Entries provided below:

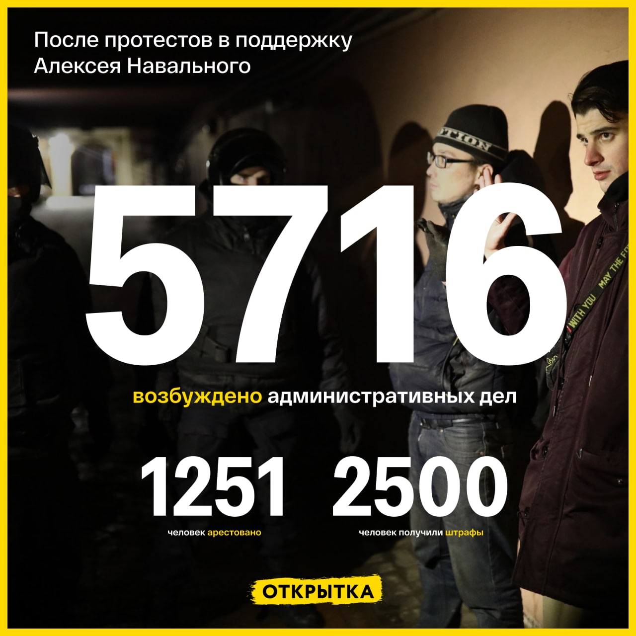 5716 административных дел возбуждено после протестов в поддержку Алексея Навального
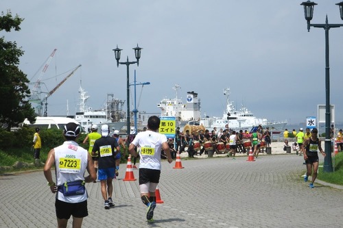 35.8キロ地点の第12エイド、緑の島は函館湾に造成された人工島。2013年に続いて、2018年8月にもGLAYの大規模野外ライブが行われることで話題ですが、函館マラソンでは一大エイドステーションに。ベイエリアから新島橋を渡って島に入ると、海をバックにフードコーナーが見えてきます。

End of Entries provided.
Entries provided below:

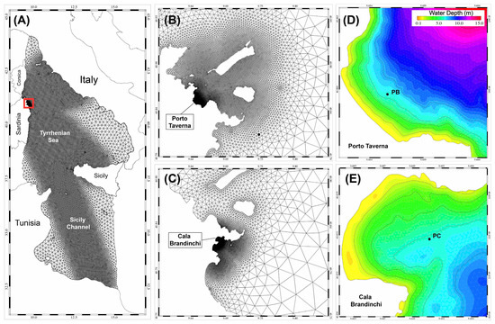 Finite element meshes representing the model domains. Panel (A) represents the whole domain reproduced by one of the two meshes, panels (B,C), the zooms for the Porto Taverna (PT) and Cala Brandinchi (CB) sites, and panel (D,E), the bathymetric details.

End of Entries provided.
Entries provided below:

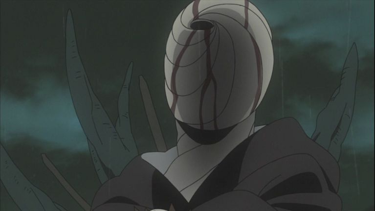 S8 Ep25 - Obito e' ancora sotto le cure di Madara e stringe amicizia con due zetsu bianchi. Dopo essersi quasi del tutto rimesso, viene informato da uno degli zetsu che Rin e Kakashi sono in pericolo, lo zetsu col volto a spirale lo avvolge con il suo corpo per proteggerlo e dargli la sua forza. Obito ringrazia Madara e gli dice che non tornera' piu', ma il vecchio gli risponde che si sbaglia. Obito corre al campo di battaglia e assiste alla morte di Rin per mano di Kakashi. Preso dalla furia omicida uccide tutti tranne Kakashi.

End of Entries provided.

Assigned task
Without the pictures, give again exactly the lines above starting at the line containing "5716 административных дел" and ending at the line containing "35.8キロ地点の第12エイ".

Solution to this task
 5716 административных дел возбуждено после протестов в поддержку Алексея Навального
 35.8キロ地点の第12エイド、緑の島は函館湾に造成された人工島。2013年に続いて、2018年8月にもGLAYの大規模野外ライブが行われることで話題ですが、函館マラソンでは一大エイドステーションに。ベイエリアから新島橋を渡って島に入ると、海をバックにフードコーナーが見えてきます。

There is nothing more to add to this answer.